В гостиной было пасмурно и туманно из-за густой завесы холодного сигаретного дыма. Повсюду валялись книги, смятые бумажки и пустые винные бутылки. На столе их выстроилась целая армада. Алина в полурасстегнутом халате сидела рядом на стуле, поджав под себя одну ногу, и курила, переправляя в высокий бокал содержимое очередной бутылки, то и дело проливая его на и без того грязный стол.

Женька подошла к компьютеру, на экране которого прыгали цветные всполохи, прикрутила звук, после чего села за стол рядом с Алиной и осторожно тронула ее за плечо.

— Альчик?! — жалобно произнесла она, не понимая, что происходит, и понимая только одно — у подруги случилось что-то серьезное. При всех неприятностях, которые на них обрушивались, Алина никогда не доводила ни квартиру, ни себя до такого состояния. — Аля.

Алина повернула голову и посмотрела на нее страшными покрасневшими глазами. Женька невольно вздрогнула. Ее подруга всегда казалась младше своих лет — никто не давал ей больше двадцати трех, но сейчас Алина выглядела именно так, как выглядит женщина, приближающаяся к четвертому десятку, после недельного запоя.

— О! — сказала она с веселым удивлением, словно увидела Женьку только сейчас. — Мать Тереза! По делу? Али так зашедши?

— Аля, что случилось?

— Да ничего. Разве у меня может что-то случиться? — Алина засмеялась и поставила бутылку на стол. — Отсутствие событий — тоже повод. Ты не знала?

— Аля, — Женька схватила ее за руку, — это из-за того мужика, да?! Что он с тобой сделал?!

Алина задумчиво посмотрела на пальцы, держащие ее за запястье, словно пыталась понять, что это такое, потом фыркнула.

— Да ничего он не сделал! В этом-то и все дело.

Она запрокинула голову и залпом выпила полбокала, икнула и поставила бокал на стол, качая головой из стороны в сторону. Женька попыталась отодвинуть бокал, но Алина ухватилась за него и потянула на себя.

— Отдай! — с пьяной капризностью потребовала она.

— Аля, да ты что?! Посмотри на себя!

— Ну, смотрела. Долго смотрела. Уже дыры в зеркале глазами протерла. Дальше что?

— Ты же себя так убьешь!

— Ну и что? — Алина, казалось, искренне удивилась. — Меня уже убивали. Лишний раз погоды не сделает.

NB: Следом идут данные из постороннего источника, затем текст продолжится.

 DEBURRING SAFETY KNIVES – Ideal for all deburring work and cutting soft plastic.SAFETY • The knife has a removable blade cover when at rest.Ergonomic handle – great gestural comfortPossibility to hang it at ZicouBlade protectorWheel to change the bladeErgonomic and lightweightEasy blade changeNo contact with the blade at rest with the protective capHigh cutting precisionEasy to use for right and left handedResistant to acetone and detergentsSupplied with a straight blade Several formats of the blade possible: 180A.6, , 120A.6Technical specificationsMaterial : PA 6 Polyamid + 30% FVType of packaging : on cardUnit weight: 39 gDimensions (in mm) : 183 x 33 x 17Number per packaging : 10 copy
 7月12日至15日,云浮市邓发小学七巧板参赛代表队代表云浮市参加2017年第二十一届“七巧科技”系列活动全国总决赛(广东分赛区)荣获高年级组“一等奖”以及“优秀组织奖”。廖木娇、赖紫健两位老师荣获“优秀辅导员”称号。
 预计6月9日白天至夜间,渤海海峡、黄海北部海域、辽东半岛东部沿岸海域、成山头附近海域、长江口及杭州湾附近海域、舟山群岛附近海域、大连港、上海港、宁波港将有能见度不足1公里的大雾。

Женька широко раскрыла глаза, решив, что у подруги уже началась белая горячка.

— Аля, может врача вызвать?

— Хочешь показать меня психиатру? — Алина тонко хихикнула. — Знаешь, лучше покажи психиатра мне. Я ведь их никогда не видела.

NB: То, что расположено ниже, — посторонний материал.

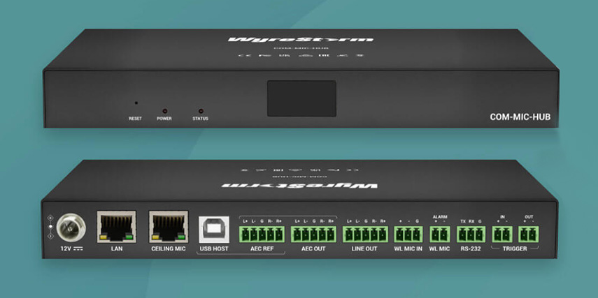 COM-MIC-HUB позволяет добавить в видеоконференцию дополнительные микрофоны любого производителя, будь то динамические, конденсаторные либо радиомикрофонные системы, а также вывести звук на усилитель внешней системы звукоусиления. В устройство интегрированы аудиомикшер и DSP-процессор с алгоритмами автоматической регулировки усиления, эхо- и шумоподавления. Для централизованного управления предусмотрены порт RS-232 и удобный веб-интерфейс.
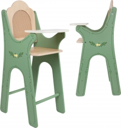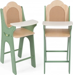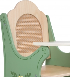 Drvena stoličica za lutke u vintage stilu s naslonom od ratana! Elegantna stoličica dodaje autentičnost igri brige o lutkama. U zelenim tonovima i s nježnim cvjetnim detaljima, ovaj je proizvod savršen dodatak svakoj dječjoj igri.

Она воткнула сигарету в пепельницу и уронила тяжелеющую голову на руки. Женька снова затрясла ее.

— Аля, пойдем, я тебя уложу, уберу здесь — ага? Ты выспишься и…

— И что?! — Алина резко вскинула голову. — Что будет?! Опять «Чердачок»?! Опять все эти рожи?! Опять чудесная жизнь — отработал, выпил, в постель! Подрался в промежутке, потому что хозяин, урод, не желает раскошеливаться на охрану! Одно и то же, одно и то же!..

— Аля, но так же тоже нельзя! Тебя неделю на работе не было, безо всяких объяснений… Толик же тебя уволит! Он и так злобствует из-за того, что ты ему тогда сказала…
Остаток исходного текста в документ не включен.